I have to be careful with Grissom and what I give him, so I usually use a little ground turkey in his, but the others I'll use canned EVO food to close it up, and freeze. 

I haven't really had an issue with it making a mess, but usually kongs are just used for crate time at my house so they're not usually on the carpet. I don't notice any mess in their beds though? I always always freeze them though, so they are eating it as fast as it's thawing.


----------



## CorgiPaws (Mar 31, 2009)

I was in a pinch two days ago, had no peanut butter, no yogurt, no evo canned food, nothing. (we're probably moving soon, so I'm trying to clear the pantry and not buy more right now)
Called tuna worked like a charm. It froze rock solid, they actually took a while to get to the treats.
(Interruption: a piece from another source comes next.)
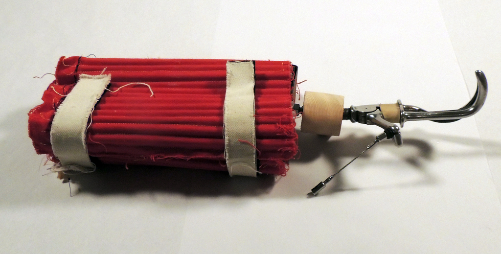 BamBam is a concept for an accessible adjustable prosthetic system designed for people living in agricultural communities. 80% of all people with amputations live in developing countries, where even used or obsolete prosthetics are expensive and scarce. Richardson experimented with recycled bottles and 3D printing before hitting on bamboo, a material that is strong, light, cheap, and locally grown. An adjustable cuff connects to various tools, including a rake, broom, and shovel. A canvas sleeve reinforced with bamboo ribs secures the prosthetic to the user’s amputation limb.

Peanut butter, even frozen, caves in seconds with my dogs, so from now on, it'll be canned tuna. wooot.


----------



## Dorota (Aug 23, 2010)

kielbasa ) yeah i put pieces of good quality kielbasa inside


----------



## sassymaxmom (Dec 7, 2008)

Cammy, you can step on or force the opening into an oval and force something hard in that isn't messy. A bit of freeze dried lamb/beef lung or a small hard biscuit is quite the puzzle to get out. When I just smear a bit of peanut butter around the inside none gets anywhere but on the dog's tongue.

Since Max has been getting quite a bit of ground beef lately I discovered that a kong stuffed with that and a chicken foot stuck in the top and frozen for an hour makes for a mini meal that is more fun than one served in a bowl but doesn't last so long as to be a bore for the human who needs to stick around in case of an oops. He gets ground sardine/rabbit heads and tripe too but I am NOT putting that into a kong fed in the house.


----------